The collected papers were written by the University of Vermont
Public Administration #395 class. The Schalkenbach Foundation was
among the project sponsors.
Among the revenue sources examined were curbing transportation
emissions, wildlife and fish, forests, ground water extraction,
internet access, broadcast spectrum management, stones and minerals,
surface water, a single tax on land, and economic rent in the wind
industry.
The 2-page article on "Potential Revenue Collection Through a
Single Tax on Land" assumes revenue neutrality.
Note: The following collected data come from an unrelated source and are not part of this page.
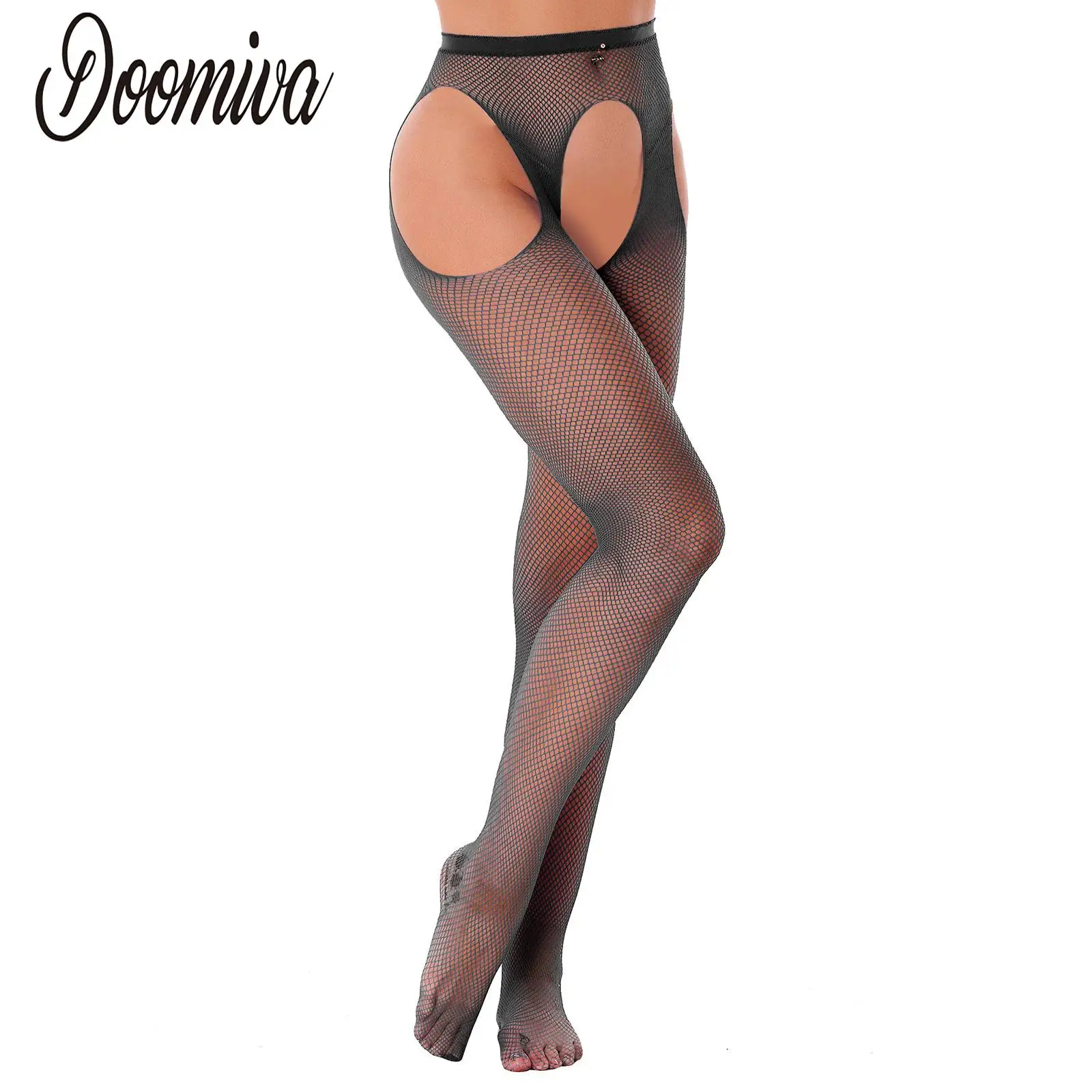 Women Sexy Stretchy Mesh Leggings See Through Sheer Hollow Out Fishnet Stockings Cutout Crotchless Tights Pantyhose Solid Color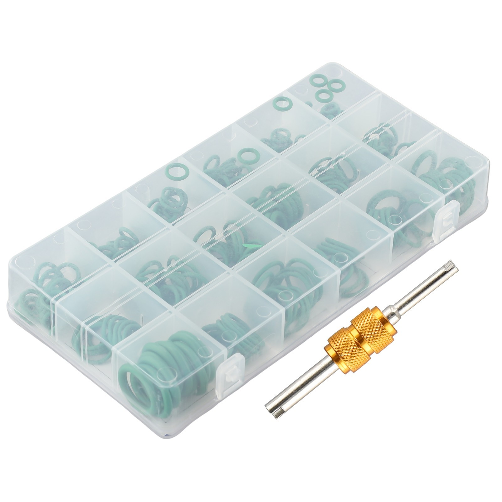 Fabriqué à partir d'un matériau en caoutchouc (nitrile butadiène hydrogéné), résistant à l'huile, au pour gaz, à l'eau, à l'alcool à haute température et à haute pression. 1 x Valve Core Remover. 1 x 270pcs Sealing O-rings Set.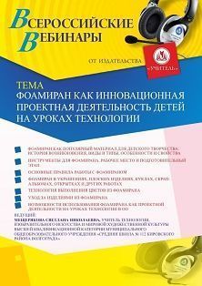 Вебинар Фоамиран как инновационная проектная деятельность детей на уроках технологии

Listing first
the French Physiocrats, David Ricardo, and Thomas Paine, Henry
George's Progress & Poverty is then citied, "which explored
the phenomenon of land speculators driving up prices based on the
productivity of labor, enabling them to absorb all economic rent.
This led George to believe land must be treated as a common asset;
rent could be collected through nationalization and leasing, or
through a single tax on land itself." The article, concludes "collecting
economic rent from land is a perfectly viable way to fund most, if
not all, state obligations."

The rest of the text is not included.